The bill — the Truth and Healing Commission on Indian Boarding School Policies Act of 2024 —is legislation to investigate, document, and report on the histories of Indian boarding schools, Indian boarding school policies, and long-term impacts on Native communities.
“For more than a century, the federal government’s Indian Boarding School policies and practices sought to destroy Native languages, cultures, and identities. The Committee has heard from and reflected on over 100 comments from survivors, descendants, Tribal leaders, Tribal citizens, advocates, religious organizations, local governments, and experts about the need for Congress to act and help address the intergenerational impacts of the shameful history of Indian Boarding Schools,” said U.S. Senator Brian Schatz (D-Hawai‘i), chairman of the Senate Committee on Indian Affairs in a statement. “It’s long past time that we reckon with this painful history. Now that this bill is ready for floor action, I look forward to moving it through the Senate quickly.”

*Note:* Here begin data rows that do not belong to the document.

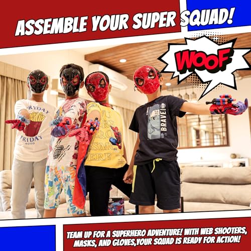 Superhero Web-Slinging Toy Set – 7-in-1 Superhero Set Includes 2 Web Shooters, 2 Hero Masks, 2 Gloves, and 1 Cape – Ideal for Indoor and Outdoor Costume Role-Playing, Imaginative Play for Kids Ages 3+
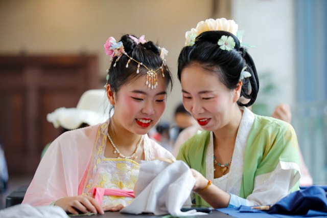 5月18日,適逢國際博物館日,一場主題為“古藝傳承 布繡繁華”的手工刺繡活動正在福建省福清市博物館內(nèi)舉行,不少家長帶著孩子前來學(xué)習(xí)國家級非物質(zhì)文化遺產(chǎn)項(xiàng)目廣繡技藝,感受非遺獨(dú)特魅力。中國教育報-中國教育新聞網(wǎng)通訊員 謝貴明 攝
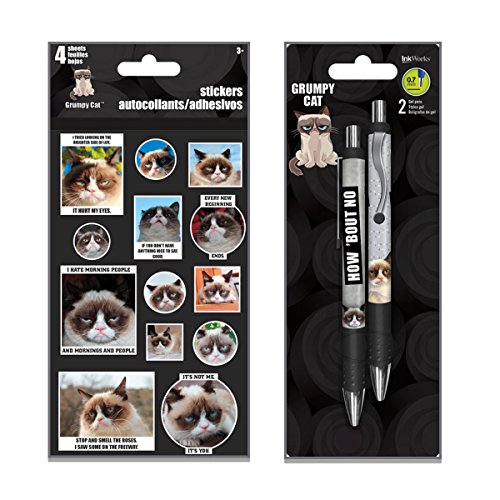 -. Feature : Take all your "NOPEs" wherever you go with this Officially Licensed Grumpy Cat Pen and Sticker Set. / Includes 2 Soft Grip, Smooth Writing 0.7mm Gel Pens each with their own unique design and 4 sheets of Full Color Grumpy Cat Stickers (2 repeat sheets with over 50 stickers!) / This set is perfect for stocking stuffers, gifts for fur moms and fur dads, photo albums, arts and crafts, scrapbooking, Greeting Cards, and much more!

Currently, there are two versions of the bill making their way through both the House and Senate. The House version of the bill was reintroduced earlier this year by Representatives Sharice Davids (D-KS-03) and Tom Cole (R-OK-04), Co-Chairs of the Congressional Native American Caucus. In February, the bill was referred to three separate committees and one subcommittee to consider provisions that might fall within their respective jurisdictions. On June 13, a Congressional committee advanced the bill out of one of the committees, bringing the law one step closer to the House floor.
The Senate version of the bill was introduced by Senator Elizabeth Warren (D-MA) in May 2023, with bipartisan support from 26 mostly Democratic senators. In June 2023, the bill was referred to the Senate Committee on Indian Affairs, where it was amended and passed unanimously out of the Committee last week. Currently, its being prepared for a full Senate vote.